Un día de octubre, al poco tiempo de llegar a estudiar a París, con veinte años; un día en que me encontraba inmersa en una crisis hipocondríaca que me hacía creer realmente que aquellas eran mis últimas horas de vida, salí a caminar al borde de la desesperación, y encontré por casualidad un cine en el que ponían una película de Woody Allen que yo no había visto: Hannah y sus hermanas. Entré y me encontré cuerpo a cuerpo con un personaje que teme sufrir un tumor cerebral, se sume en el pánico, y finalmente sale pegando saltos de alegría del hospital cuando le dicen que no tiene nada grave. Pero también con otro personaje que le regala a la mujer a la que quiere seducir un libro pidiéndole que lea un poema en concreto, un poema de amor de ee cummings que acaba diciendo: “nadie, ni siquiera la lluvia / tiene manos tan pequeñas”. Aquellos versos se quedaron en mí y, muchos años más tarde, cuando nacieron mis hijos, mientras escribía mis propios poemas, me acompañaron como una verdad profunda y misteriosa. Esa tarde aciaga en París me pasé toda la película entre la risa y el llanto y, al terminar, sentí que Woody Allen me había salvado la vida. Sí, sé que parece una afirmación muy excesiva, pero es lo que tienen a veces las cosas del corazón, que resultan incomprensibles. Aquella mezcla de identificación humorística y poesía caló en mí tan hondo que no puedo evitar, cada vez que veo alguna escena de Hannah y sus hermanas, recordar con nostalgia que una vez me salvó, que hizo mi existencia un poco más soportable y más hermosa, pues si algo tienen los momentos de angustia es que son pura intensidad que desborda: todo lo que sucede hace mella en el interior, como si uno no tuviera piel, ya sea en forma de sufrimiento o conmoción.

Siguieron muchas otras películas pobladas de fantasías, como Otra mujer, en la que una escritora oye a través de un orificio de su despacho a la paciente de un psicoanalista. El deseo de escuchar, la transgresión, las palabras del otro que invaden con sus deseos la propia mente: todo ello girando en torno a la maternidad frustrada, la creación literaria y el paso del tiempo. Una y otra vez Woody Allen era capaz de penetrar en mi intimidad de una forma secreta y asombrosa.
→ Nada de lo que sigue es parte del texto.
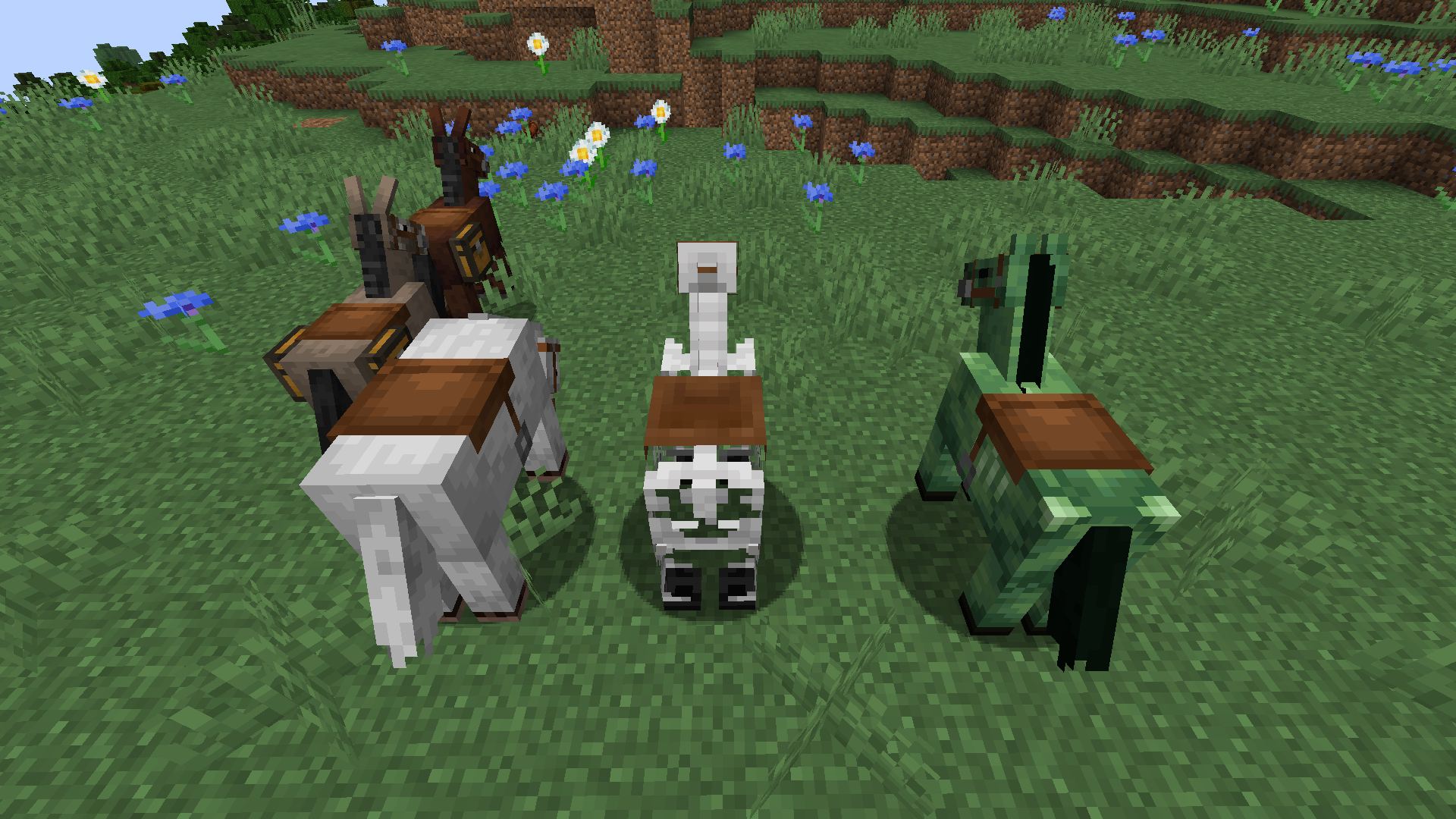 Bits of the Donkey and Mule's saddles have stray pixels on them that seem to match up with the Donkey and Mule's fur colors respectively, gray on the Donkey and brown on the Mule, clearly indicating a mistake (fur/flesh wouldn't be on a saddle texture when none of the other horses have it)

En una ocasión, siendo aún bastante joven, vi una entrevista suya en la que afirmaba con ironía que él era un fracaso del psicoanálisis. Y pensé entonces que tenía que ir a un psicoanalista, porque era precisamente ese tipo de fracaso lo que yo necesitaba. No curarme, ni entenderme mejor, ni estar más tranquila, sino fracasar de aquella manera indescriptible en que fracasaba una y otra vez Woody Allen, volviendo siempre a los mismos lugares y siendo capaz de iluminarlos cada vez de un modo distinto.

En un mundo en que se valora el éxito por encima de todo, entendí el poder seductor del fracaso, la necesidad de vivir en la pérdida. Encontré un sentido de la dignidad en mis experiencias más estériles, más duras. Aprendí que es posible aunar el humor con la melancolía: que, de hecho, el humor es a menudo una forma de melancolía. Todo esto, a lo que seguramente se puede llegar de mil maneras, yo se lo tengo que agradecer a Woody Allen. Por ello, desde mi presente de mujer feminista, profesional, madre de dos niños pequeños, hago una petición, casi una súplica, creo que tan humilde como necesaria: por favor, quiero ver la última película de Woody Allen. Espero que ustedes lo entiendan.

Elisa Martín Ortega es profesora de Literatura en la Universidad Autónoma de Madrid y escritora.